I think there was a moment when homeowners in my neighborhood wondered if they could benefit from the gentrification trend going on in other parts of town.  So, for instance, the house that my co-worker looked at, when she looked at it, was listed for $210,000.  Considering the surrounding neighborhoods, that’s not unreasonable.  Considering the problems with the foundation, it was.

I hear that house sold this spring to a developer for $300,000.

It’s sitting empty, waiting to be torn down.

I’m sure that most of the new, high priced condos in my neighborhood are, at best, half full.

(I’m sure we’ve all heard rumors about how empty some of the new growth closer to downtown is, too, but I can’t speak to that personally.)

I have often wondered who’s buying these condos.

But sitting at breakfast, I began to wonder if I was missing the point.  Maybe the point is who is not buying the houses that used to be there.
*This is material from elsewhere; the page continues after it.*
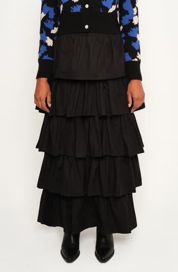 Release Tiered Ruffle Stretch Cotton Maxi Skirt
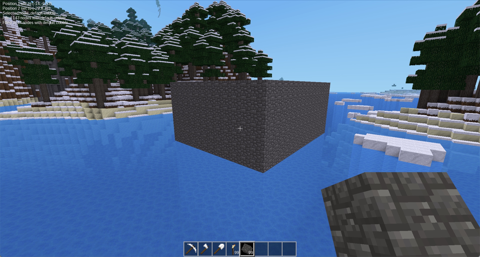 Screenshots: The first is before doing anything. Second is setting pos1, third is pos2, fourth is setnode, fifth is fill and sixth is airfill. Have fun, and I would like feedback!

I mean, let’s be honest, it doesn’t matter how close to work it is, we’re still not at the point here in Nashville where you’re going to get more than $75,000 for a three room shot-gun shack with no air conditioning.  I mean, no one who intends to live in that house would pay you more than that for it.  That house cannot be gentrified.

So, who would buy it?  Just across the street and two empty lots away from the $500,000 condos that are still half empty?

If you’re trying to create a neighborhood where rich people can experience urban but not too urban life, doesn’t it behoove you to shut down the possibility of the neighborhood becoming something else?

Deliberately keeping properties bought up and empty will do that.

I probably should have figured that out sooner.

Right now, in my neighborhood, I think this is about economics.  This is like a little donut-hole of regularness in the middle of a lot of wealth.  Transforming it so that it matches what’s going on down West End or closer to Vandy makes sense, especially if you’re convinced that you can afford to hold onto the empty housing until people whose lives and income match what’s going on down West End discover you and decide to buy in.

But it makes it a bitch for diversity, doesn’t it?

One thought on “The TIRCC Breakfast & Other Thoughts

  1. B, I think you may be reading too much intelligent planning into the situation. Never rule out the combination of greed and people not being quite as smart as they think they are when it comes to real estate.